Такие речи можно принять иногда и за иронию, но автор необычайно последователен в развитии их основной мысли. Он готов был назвать близорукими тех, кто жалуется на землетрясения, негодует на то, что у Петра провалился дом, а у Ивана погибла жена. «Пускай себе, – говорил он. – От этого тысячам где-нибудь и когда-нибудь будет лучше. Ржавчина разрушения и пепел вулканов нужны для семян нового бытия, без чего они не принялись бы на граненом камне… Впрочем, – заканчивает он эту странную мысль, – я надеюсь, что вы не прострете моего сравнения за границы шутки»… Но пусть это и была шутка, что в данном случае весьма вероятно, но и в самых серьезных размышлениях нашего писателя смысл этой шутки повторялся, только в форме патетических возгласов.
Анализируя однажды очень подробно и тонко врожденное человеку желание прославиться, стушевывая все эгоистическое, что присуще такой жажде славы, наш оптимист хотел видеть в ней лишь «потребность любви за гробом». Потребность в славе он признавал бескорыстной и справедливой[399] и думал, что живая электрическая связь, соединяющая мир прошлого с миром грядущего, скуется до самого неба. «Каждый раз, – говорил он, – когда Провидение допускает дальних потомков прибавить несколько колец достойных подвигов или высоких мыслей к этой цепи воспоминания прежних достойных подвигов и прежних светлых открытий – может быть эфирная часть умерших виновников, зачателей всего этого, где бы ни витала она, чувствует сладостное потрясение, венчающее и на земле райский миг творенья». «Лестная мечта!» – восклицает Марлинский, сам себя ободряя.
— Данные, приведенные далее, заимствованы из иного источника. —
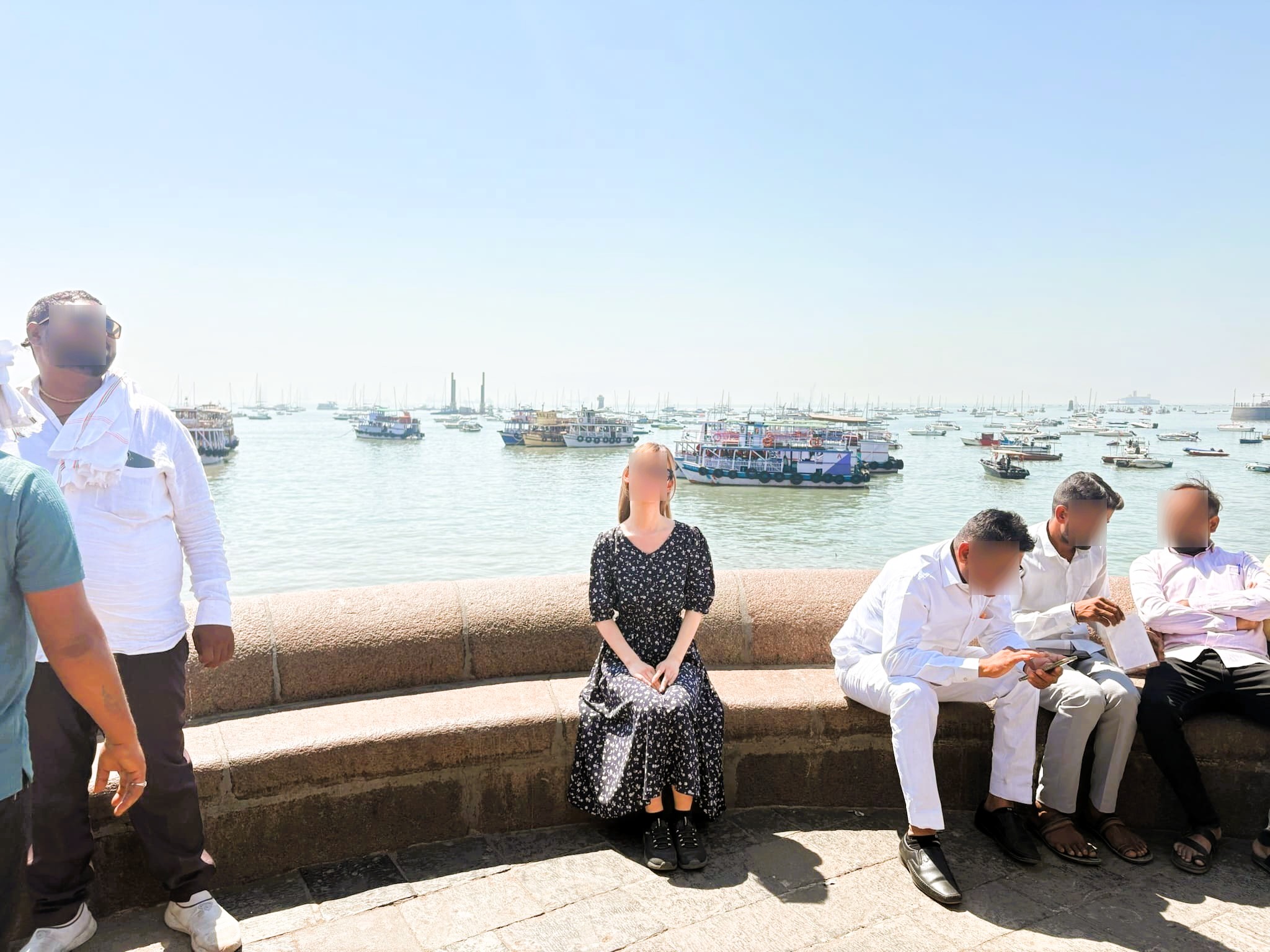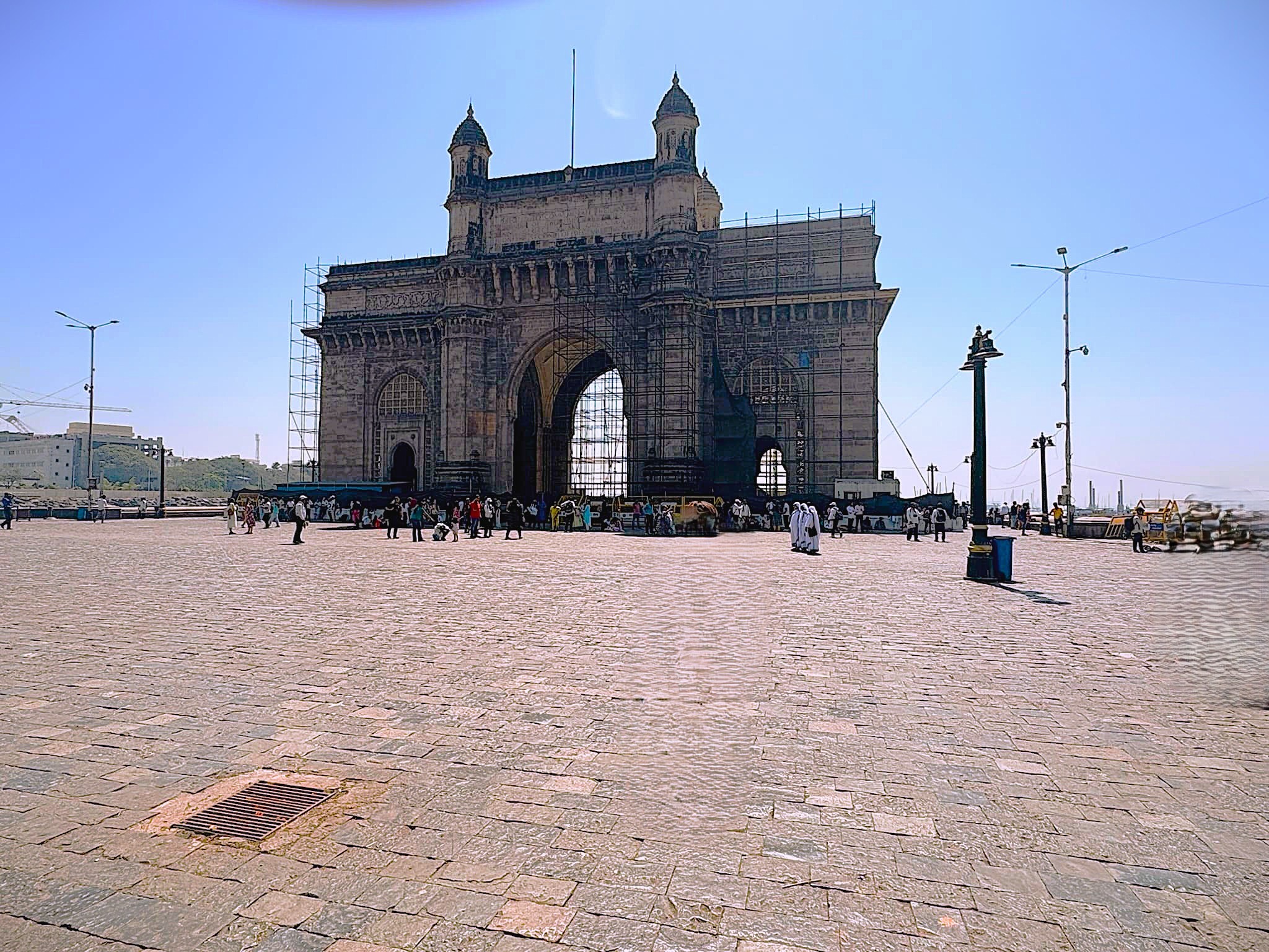 インド門の前の広場に着いた。港に面してインド門が建っている。インド門自体は修理中であろうか骨組みが覆っていた。広場には観光客が多くいた。観光客の写真を撮って売りつけてくるカメラマンたちは、写真を売りつけるための獲物をちらちらと探しながらカメラを向けてくる。カメラマンたちがどの獲物に狙いを定めようかと打ち合わせをしていた。カメラマンたちは写真を撮ることには慣れていても取られることにはあまり慣れていないようだ、なかなか目を合わせてくれない、、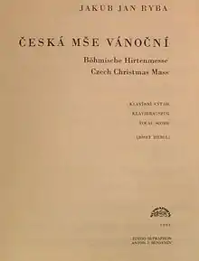 Ryba composed his most famous work in 1796, a year after he managed to resolve a dispute over his teaching methods with the priest Kašpar Zachar.[3] He wrote the music to a Czech libretto of his own devising; It was his only "mass" composed to a Czech text,[4] although several of his earlier pastoral masses included interpolations with Czech text. Ryba did not identify this mass in his list of compositions created from 1782 to 1798, mentioning rather only "seven pastoral masses, one of them in Czech."[3] The autograph manuscript was lost; today only the title page is preserved intact. Some parts of the composition were performed separately as pastorales (pastorellas) and the text gradually adapted with changes in Czech. Although Ryba created more than 1,000 compositions, his Czech Christmas Mass remains one of the few works by him performed regularly to date.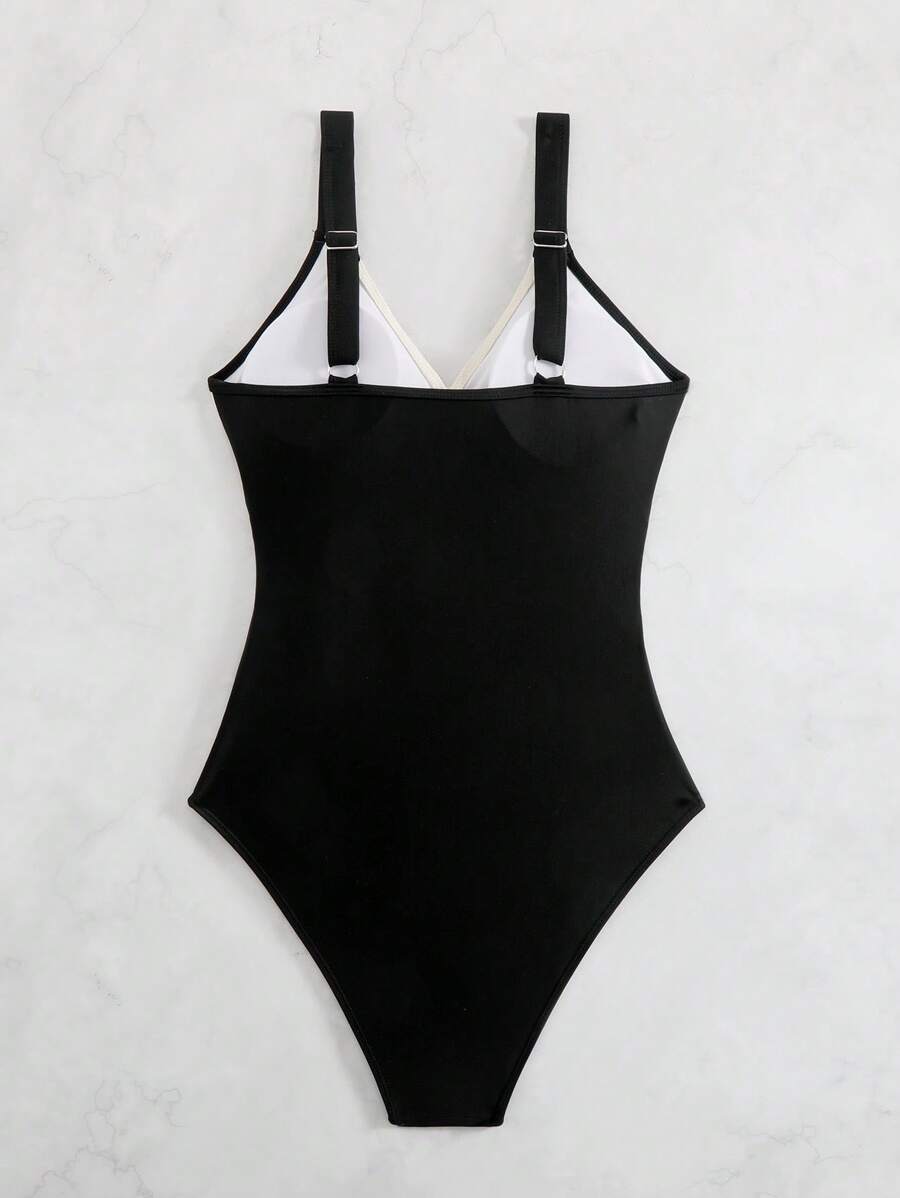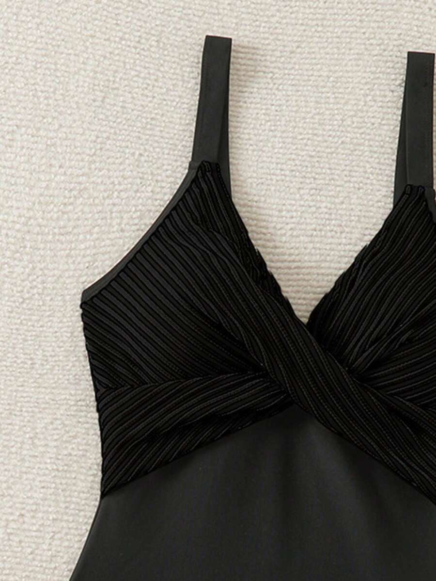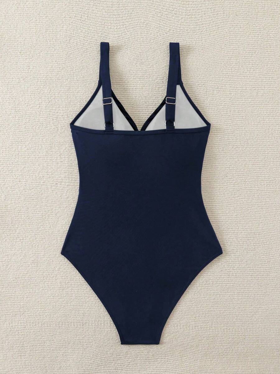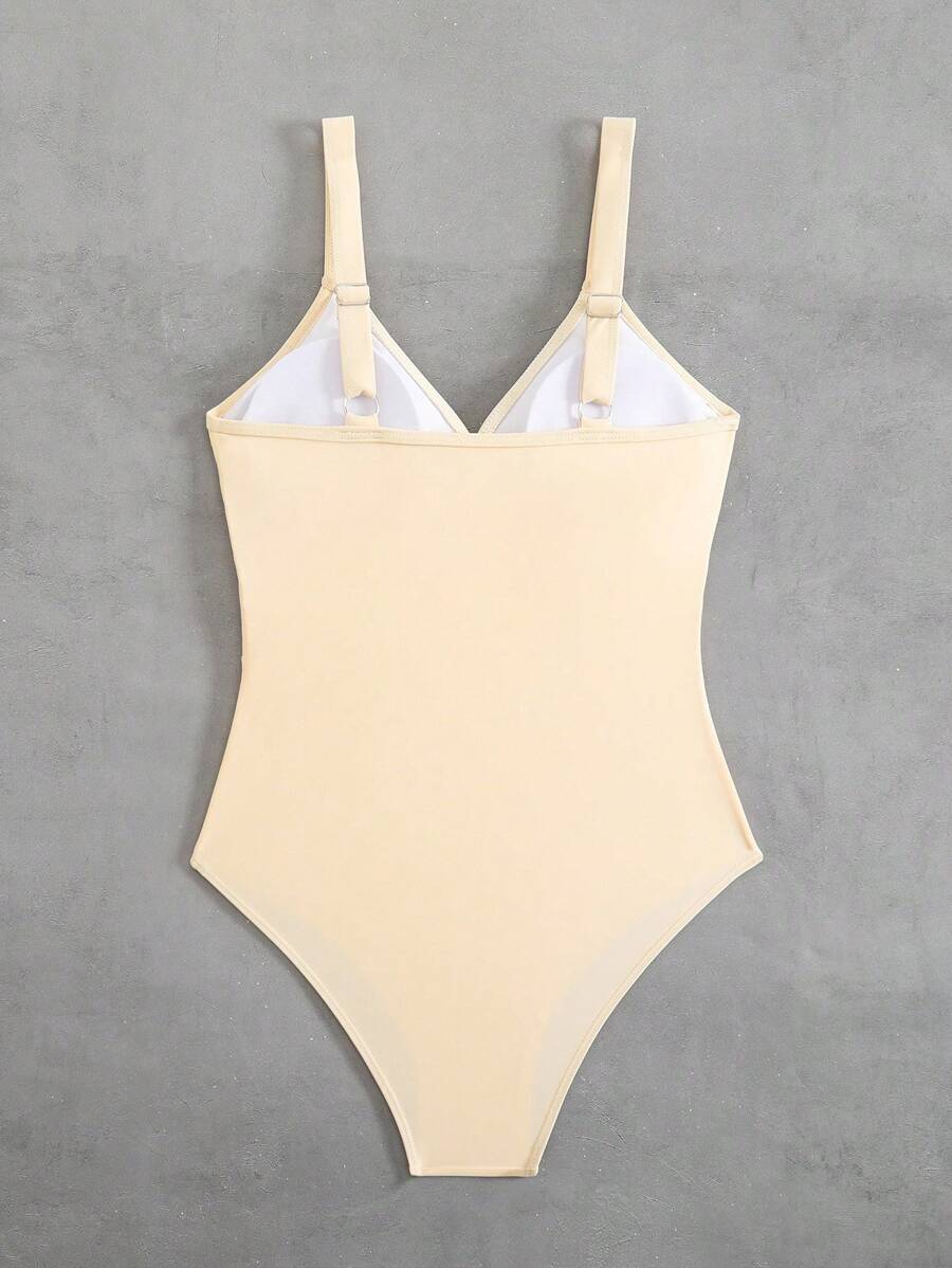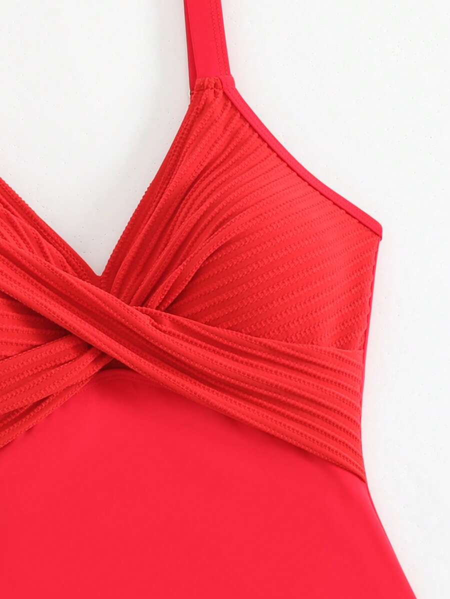 1 pieza traje de bano de una sola pieza con frente cruzado a rayas para mujer, ropa de vacaciones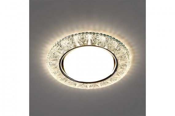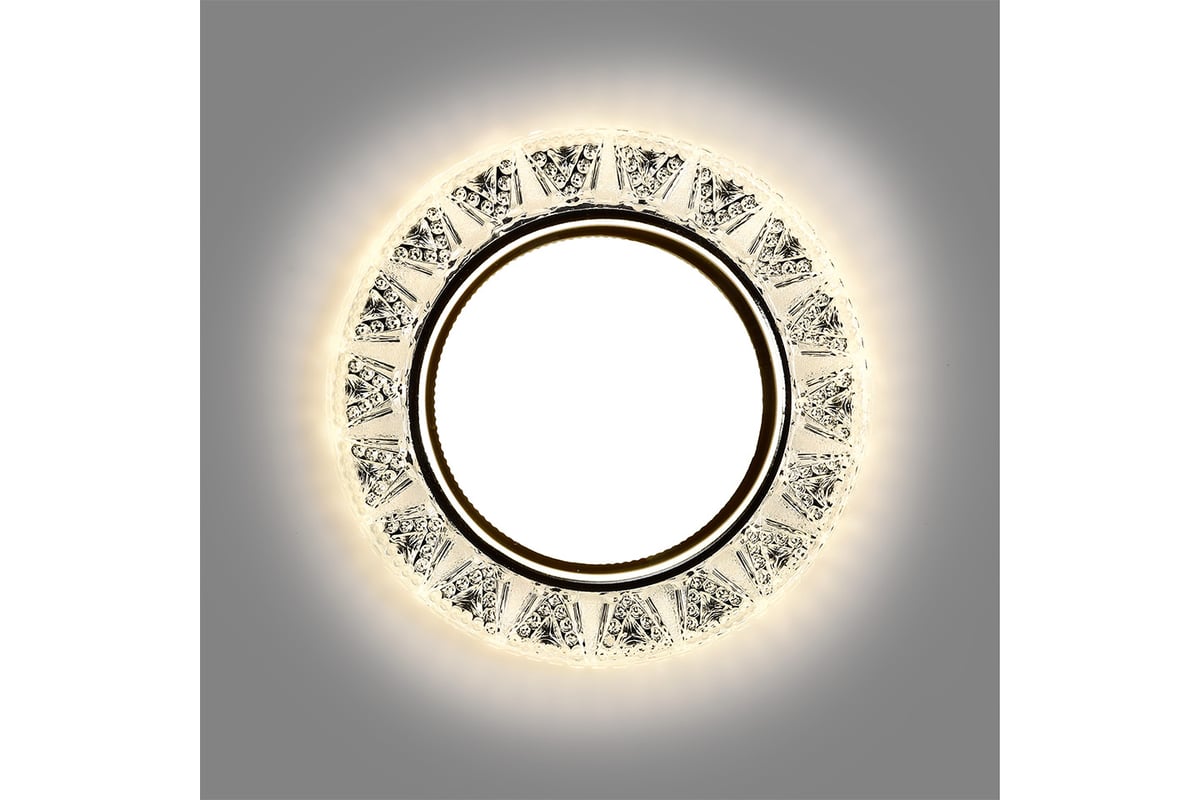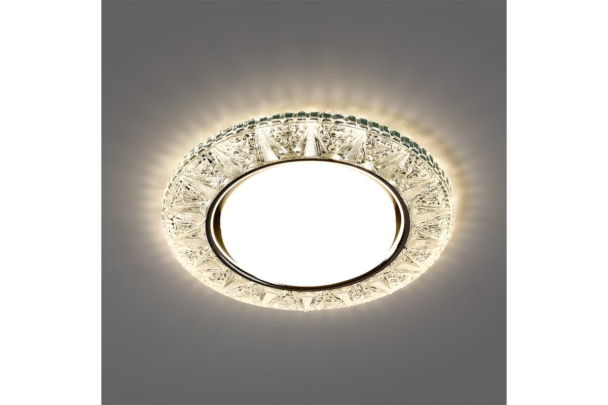 Встраиваемый светильник Smartbuy под лампу GX53 с LED подсветкой прозрачный SBL-06CL1-GX53 предназначен для точечного или декоративного освещения внутри помещения. Работает со сменными лампами с патроном GX53 и со светодиодной подсветкой дневного света. Имеет 3 режима работы: только лампа, только подсветка, лампа+подсветка.

И в самом деле, как счастлив тот, кто верит, что ни одна крупица добра в мире не пропадает и нанизывается на одну вечную цепь совершенствования, которая «скуется до самого неба». Конечно, все это мечты, как раньше были шутки, но любопытно, что и в мечтах и в шутках одно и то же направление мысли.
В одном частном письме, уже совсем серьезно, Марлинский писал своему другу Полевому: «Человечество есть великая мысль, принадлежащая собственно нашему веку (т. е. мысль о прогрессе, развитие которой, действительно, одна из заслуг XIX столетия). Она утешительна: быть убежденну что если один народ коснеет в варварстве, если другой отброшен в невежество, зато десять других идут вперед по пути просвещения, и что масса благоденствия растет с каждым днем – это льет бальзам в растерзанную душу частного человека, утешает гражданина, обиженного обществом. Но все это лишь в отношении к будущему, которое не должно и не может уничтожать настоящих обязанностей»… Эти слова мы и можем принять как конечный итог всех мыслей Марлинского о судьбах человечества.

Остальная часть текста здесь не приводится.